| Source information |

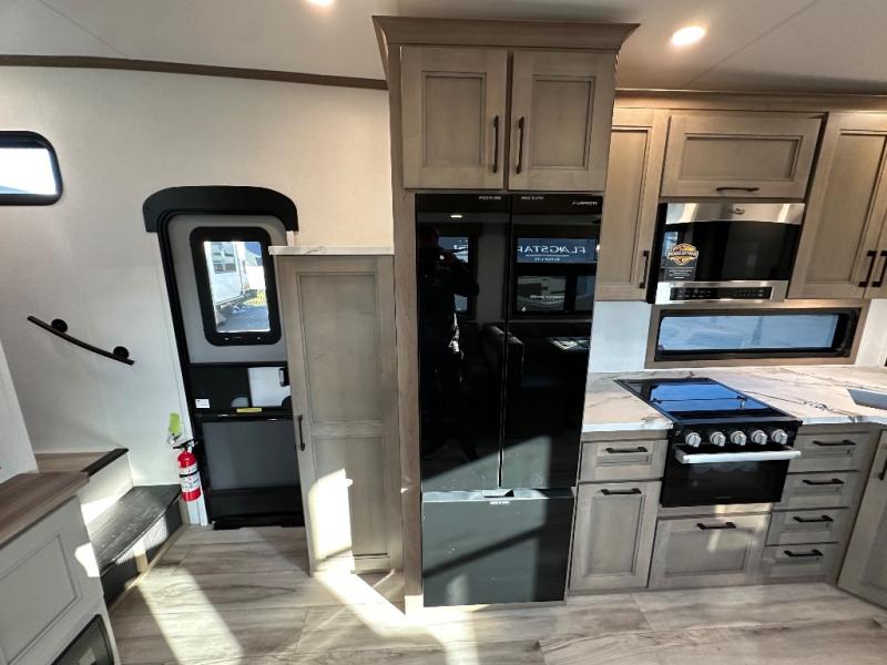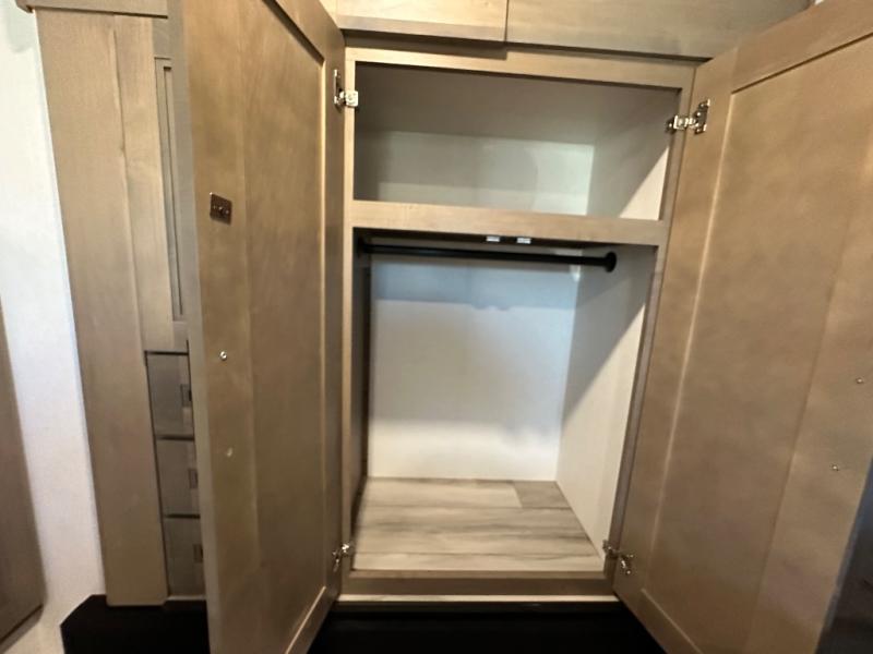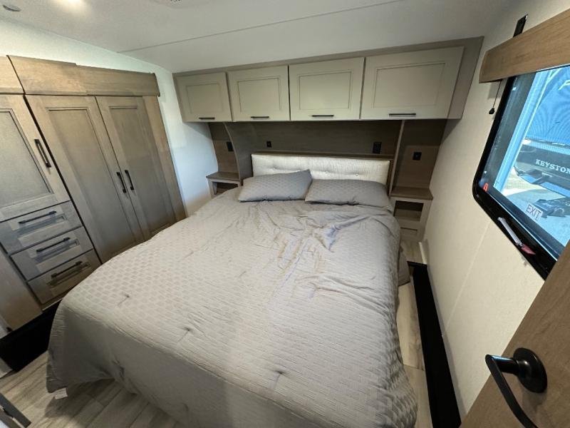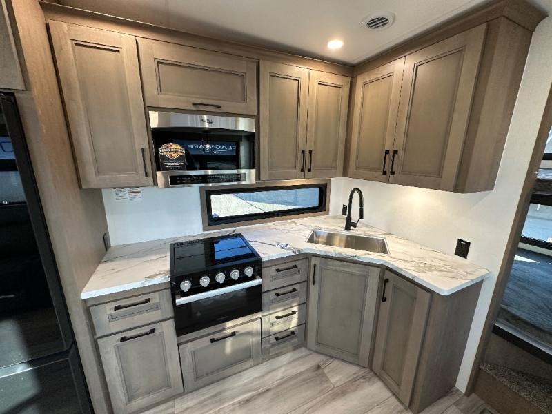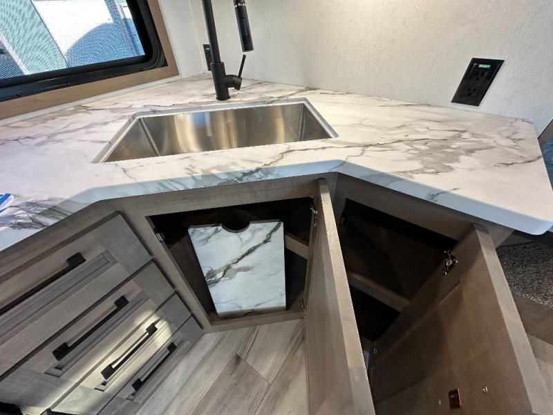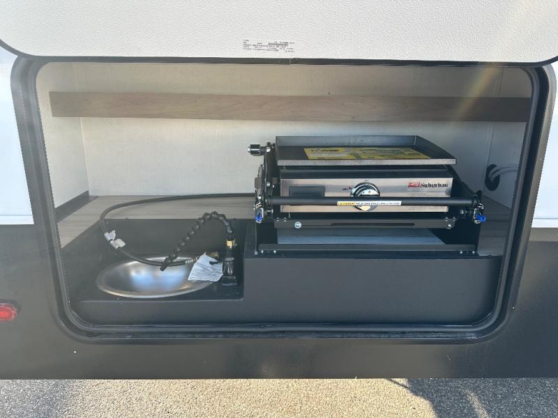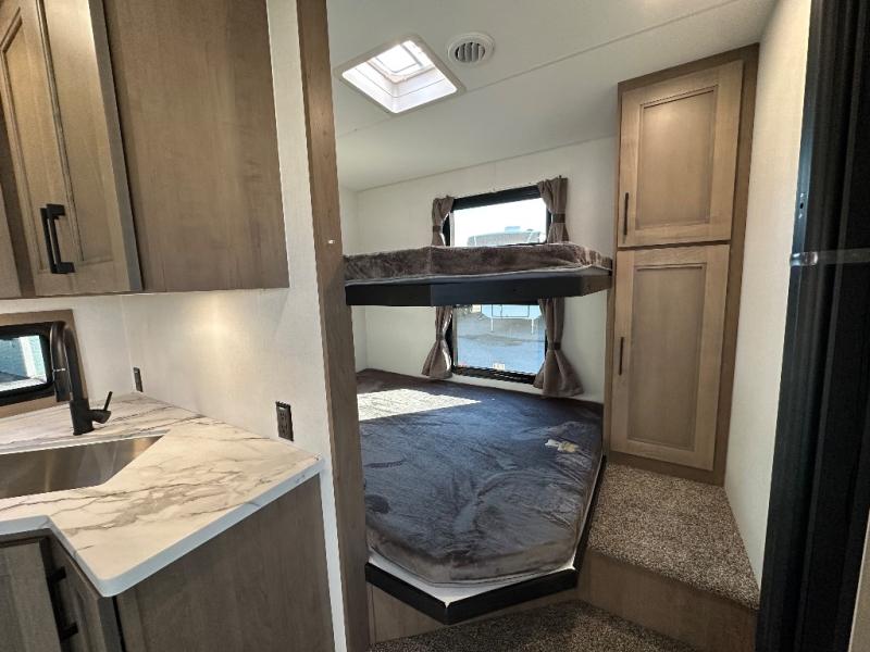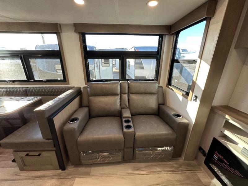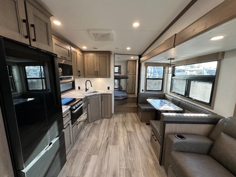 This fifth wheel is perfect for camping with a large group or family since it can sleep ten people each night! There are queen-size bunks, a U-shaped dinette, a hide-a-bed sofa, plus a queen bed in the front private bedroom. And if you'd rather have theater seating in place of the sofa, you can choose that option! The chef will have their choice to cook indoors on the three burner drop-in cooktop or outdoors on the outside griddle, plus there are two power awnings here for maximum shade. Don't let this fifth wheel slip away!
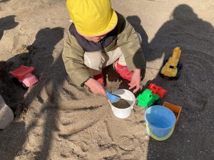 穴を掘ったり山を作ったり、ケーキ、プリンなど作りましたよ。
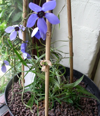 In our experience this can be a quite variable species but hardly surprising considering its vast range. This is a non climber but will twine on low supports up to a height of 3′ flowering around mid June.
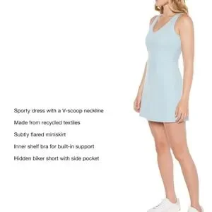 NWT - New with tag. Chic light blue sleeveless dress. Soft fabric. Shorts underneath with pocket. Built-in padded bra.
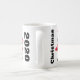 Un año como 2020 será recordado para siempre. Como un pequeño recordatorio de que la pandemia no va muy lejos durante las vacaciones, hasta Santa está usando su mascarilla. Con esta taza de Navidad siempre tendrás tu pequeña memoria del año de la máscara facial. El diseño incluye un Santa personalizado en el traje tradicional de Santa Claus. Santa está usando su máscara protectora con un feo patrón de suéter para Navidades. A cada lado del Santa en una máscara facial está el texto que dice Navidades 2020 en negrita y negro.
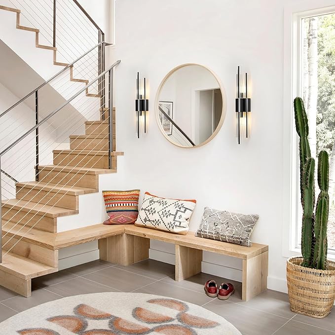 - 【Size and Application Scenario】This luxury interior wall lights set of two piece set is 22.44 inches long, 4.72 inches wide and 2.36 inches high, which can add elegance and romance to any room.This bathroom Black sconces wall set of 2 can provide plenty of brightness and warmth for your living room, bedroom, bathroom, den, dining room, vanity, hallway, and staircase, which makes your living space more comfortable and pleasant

| Your task |
Please give again the entries word for word, starting at the first line and ending with the line that contains "NWT - New with"; include both of those lines but none of the pictures.

| Output below |
 This fifth wheel is perfect for camping with a large group or family since it can sleep ten people each night! There are queen-size bunks, a U-shaped dinette, a hide-a-bed sofa, plus a queen bed in the front private bedroom. And if you'd rather have theater seating in place of the sofa, you can choose that option! The chef will have their choice to cook indoors on the three burner drop-in cooktop or outdoors on the outside griddle, plus there are two power awnings here for maximum shade. Don't let this fifth wheel slip away!
 穴を掘ったり山を作ったり、ケーキ、プリンなど作りましたよ。
 In our experience this can be a quite variable species but hardly surprising considering its vast range. This is a non climber but will twine on low supports up to a height of 3′ flowering around mid June.
 NWT - New with tag. Chic light blue sleeveless dress. Soft fabric. Shorts underneath with pocket. Built-in padded bra.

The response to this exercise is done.